Читаем Хазарский словарь полностью

– В таком случае, – закончила Цецилия, – и моя цена будет вдвое выше. А также должны быть соблюдены некоторые условия.

– Согласен на все условия, – сказал я и тут же спросил, каковы они. Цецилия достала из-за пазухи список своих праправнуков, а я полез за карандашом, которого, естественно, в кармане не оказалось. Однако Цецилия список отдала не мне, а отцу Тарквинию.

– Видишь ли, – сказала она, – всякая опись, а тем более опись праправнуков, а стало быть, инвентаризация будущего, означает нарушение небесных правил и вмешательство в компетенцию неба. Поэтому, прежде чем мы сделаем полную опись и заверим ее в суде, чтобы она обрела законный статус, отец Тарквиний должен эти нерожденные и некрещеные души окрестить согласно христианскому обряду.

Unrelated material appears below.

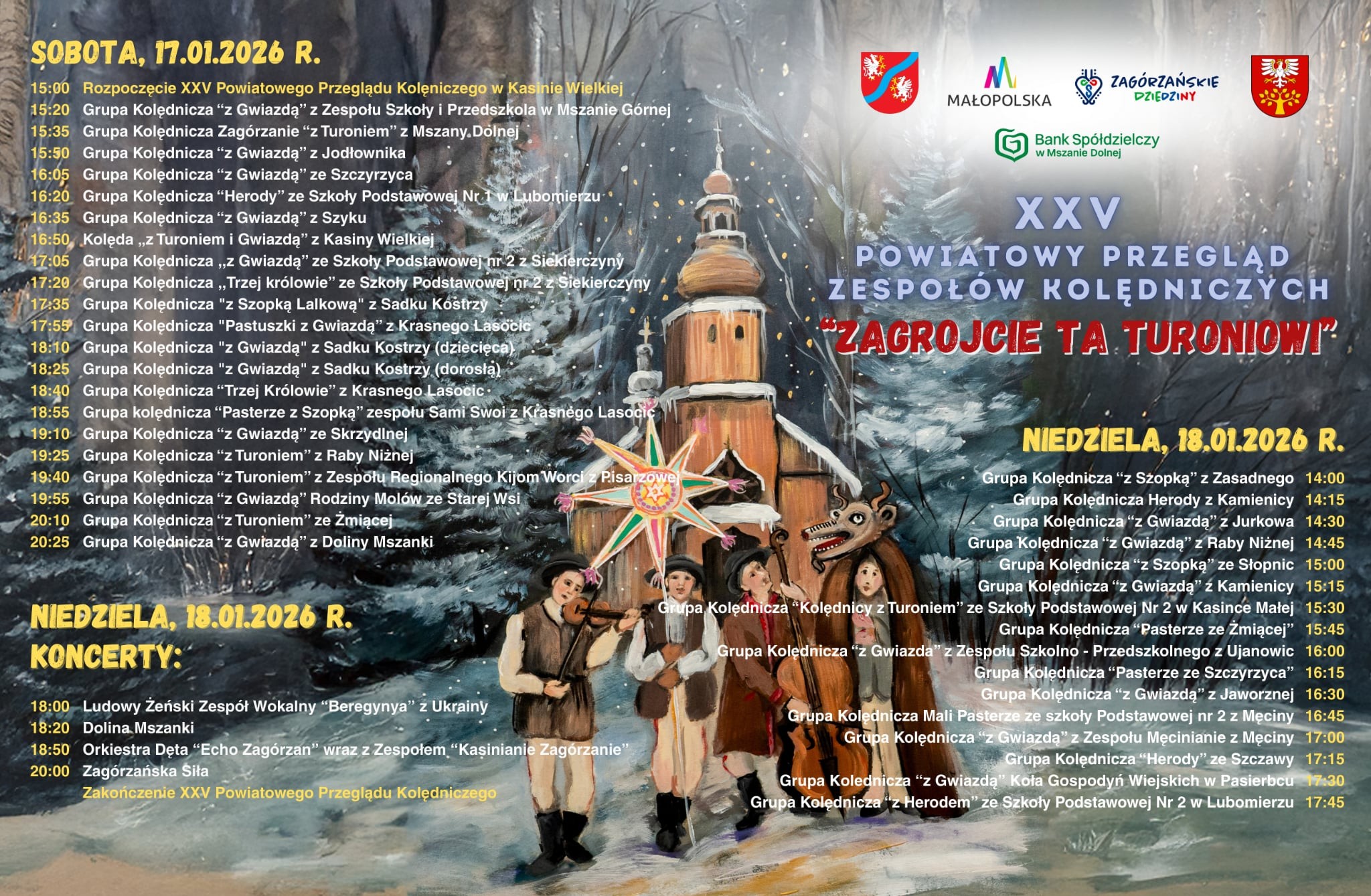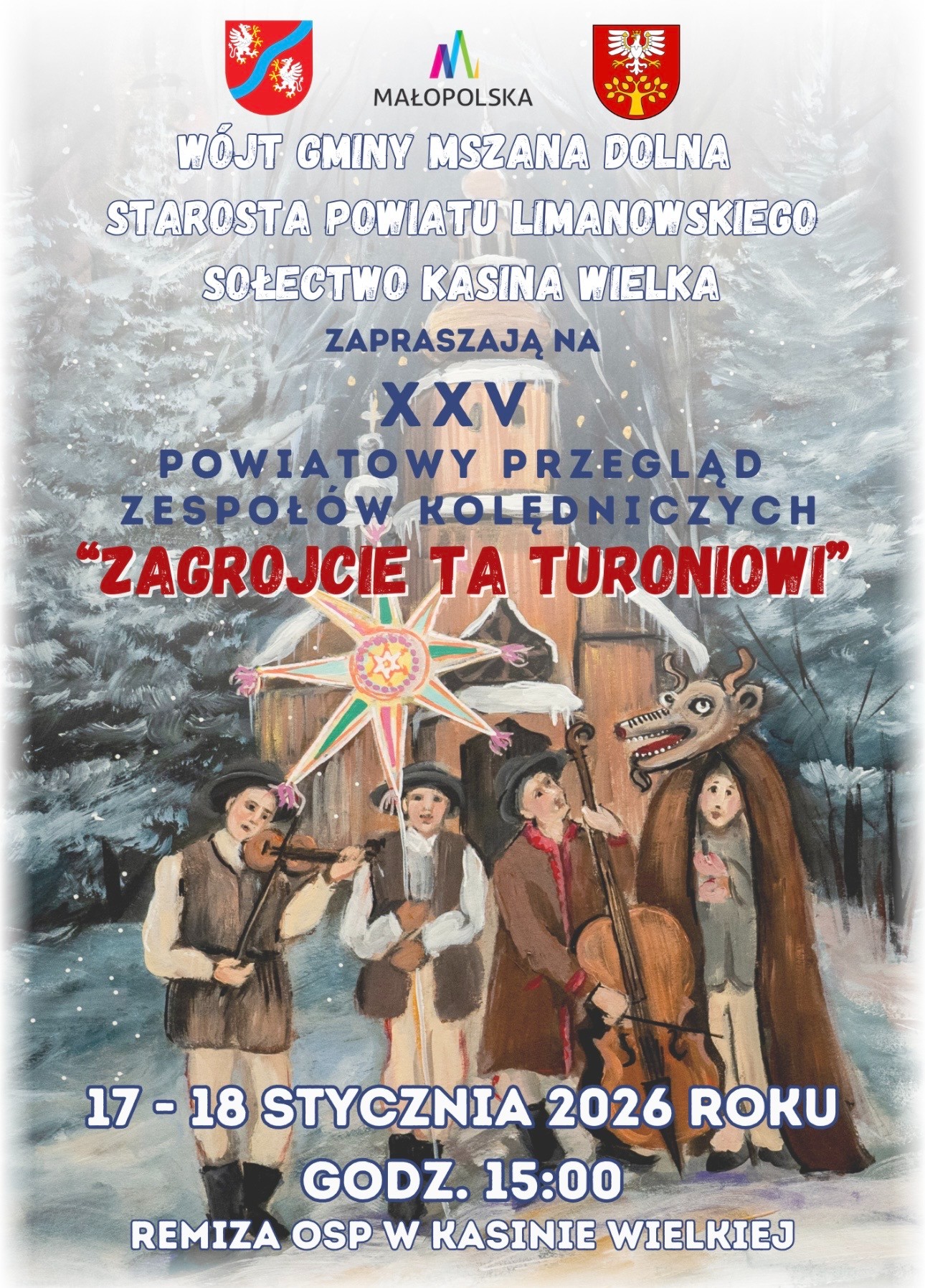 Zapraszamy do kibicowania reprezentantom gminy Limanowa podczas XXV Powiatowego Przeglądu Zespołów Kolędniczych "Zagrojcie ta turoniowi" w Kasinie Wielkiej, który odbędzie się 17-18 stycznia.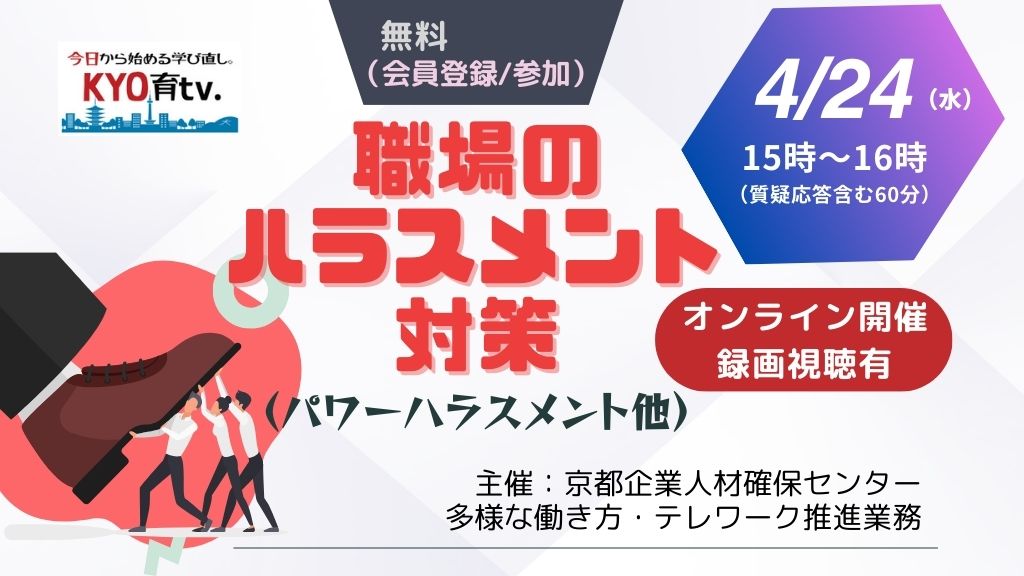職場のハラスメント対策(パワーハラスメント他):多様な働き方・テレワーク推進業務

– Разве дети имеют душу до того, как родятся? – спросил я изумленно, но Цецилия только кашлянула и продолжила:

– Если их не окрестить и они станут жить и умирать, потому что продать их – значит пустить в оборот, в жизнь и смерть, у них появятся нежелательные имена, станут они в таком случае называться лентяями, крикунами, горлопанами, тихонями, плаксами или скорпионами и кто знает как еще. Они превратятся в крохотных крылатых малышей, неживых и некрещеных, которые летают, пищат и писают сверху на прохожих. Они будут вечно неприкаянными, особенно по ночам от Рождества до Пасхи, плоские, словно сушеная рыба, борода на темени, станут по весне пугать визгом у реки, на кладбищах, задушенными голосами заполнят ночное небо, присосутся к утробам рожениц, будут дуть им в груди, словно в гайды. С криками станут врываться в твой дом, всхлипывать под перевернутыми тарелками и жалить вещими снами твое потомство и своих братьев…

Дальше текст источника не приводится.